So which English cities are actually getting devolution deals?

Steve Roteram and Andy Burnham, Labour's candidates for mayors of the Liverpool and Manchester city regions. Image: Getty.

This May, an indeterminate number of English cities, city regions and other combined authorities will elect their first metro mayors.

These mayors won’t be powerful local bosses on the American or European model – but like London’s Sadiq Khan, they will be able to promote their region, and will have a hand in tricky things like local infrastructure development. It’s quite possibly the biggest change to English municipal government in 40 years or so.

You might think then, that, four months out, we’d be able to tell you exactly how many of these new mayors there were going to be, and which cities they’d be representing. You would be wrong: while the government has been very enthusiastic in putting out press releases every time a deal is agreed, it’s tended to be less forthcoming when, with distressing frequency, they’ve collapsed once again.

But the clock is ticking, so – with a little help from Ed Clarke at the Centre for Cities – we decided it was time we started keeping track of what was going on. This week, we’re doing our best to answer an unexpectedly difficult question: which areas are actually getting mayors?

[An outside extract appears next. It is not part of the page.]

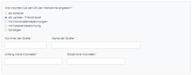 Die jeweiligen Abschnitte und Eingabefelder können Sie in der Konfiguration des Online Formulars auf der Seite "Angaben zum Ort der Maßnahme" anpassen. Eine Erklärung, wie Sie die Abschnitte anpassen finden Sie hier. |

Absolutely probably definitely

First up, there are three big conurbations that are all but certain to hold elections this May.

Greater Manchester is by far the most coherent city region in England outside Greater London. Its 10 boroughs are used to working together and so, with a little help from former chancellor George Osborne, it has the most advanced and powerful deal. (At some points over the last couple of years, in fact, it’s looked plausible it might be the only deal.)

Most of the major parties have now picked their candidates for this one. The runaway favourite must be Labour’s Andy Burnham: Manchester is traditionally a left-leaning area, and Burnham is a much bigger figure than the Tory candidate, Trafford’s 29 year old leader Sean Anstee. That said, if I were forced to name a party and a politician capable of losing an apparently guaranteed election, “Labour, Andy Burnham” would be near the top of the list.

More certain in electoral terms is the Liverpool City Region (the five boroughs that once made up Merseyside, plus Halton, from Cheshire). That area is so red it would be mind-blowing if Labour's Steve Rotheram didn’t win this one.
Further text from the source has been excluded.